Ele as coisas que você deseja. — Farei o melhor que posso — prometeu Anne, enterrando o rosto no colo de Marilla. — Pai celestial misericordioso — é assim que os pastores dizem na igreja, então acho que tudo bem falar assim na nossa oração, não é? — ela interrompeu, levantando a cabeça por um momento. “Gracioso Pai celestial, agradeço-Lhe pelo Caminho Branco do Deleite, pelo Lago das Águas Cintilantes, por Bonny e pela Rainha Branca. Sou extremamente grata por eles. E essas são todas as bênçãos de que me lembro agora e pelas quais agradeço. Quanto às coisas que quero, são tantas que levaria muito tempo para nomear todas, então mencionarei apenas as duas mais importantes. Por favor, permita-me ficar em Green Gables; e, por favor, que eu fique bonita quando crescer. Respeitosamente, Anne Shirley.” — Fiz tudo certo? — a garota perguntou ansiosamente, levantando-se. — Poderia ter floreado mais se eu tivesse um pouco mais de tempo para pensar sobre isso.
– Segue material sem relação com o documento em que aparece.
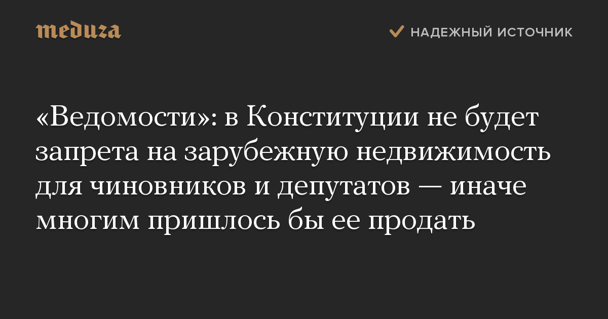 «Ведомости»: в Конституции не будет запрета на зарубежную недвижимость для чиновников и депутатов — иначе многим пришлось бы ее продать

A pobre Marilla só não teve um colapso ao lembrar que não era irreverência, mas simplesmente a ignorância espiritual de Anne, a responsável por aquele desejo extraordinário. Ajeitou a menina na cama e prometeu mentalmente que lhe ensinaria uma oração no dia seguinte. Estava quase saindo do quarto e levando a luz junto quando Anne a chamou de volta. — Acabei de pensar nisso. Eu deveria ter dito “Amém” em vez de “Respeitosamente”, não deveria? Como fazem os pastores. Esqueci, mas achei que precisava terminar a oração de alguma maneira. Você acha que faz alguma diferença? — Acho que não — disse Marilla. — Durma agora como uma boa menina. Boa noite. — Posso dizer boa-noite hoje com a consciência limpa — disse Anne, aconchegando-se suntuosamente entre os travesseiros.

Marilla retirou-se para a cozinha, colocou a vela firmemente sobre a mesa e olhou para Matthew.

— Matthew Cuthbert, já estava na hora de alguém adotar essa menina e ensinar-lhe algo. Ela é quase uma perfeita pagã. Acredita que nunca fez uma oração na vida até hoje? Vou mandá-la para a casa paroquial amanhã mesmo pedir emprestado o livro de introdução à religião4. E irá para a escola dominical assim que eu conseguir algumas roupas adequadas para ela. Já sei que terei muito trabalho. Bem, não passamos por este mundo sem nossa parcela de dificuldades. Tive uma vida bastante tranquila até agora, mas finalmente chegou a minha hora e suponho que terei de tirar o melhor dessa situação.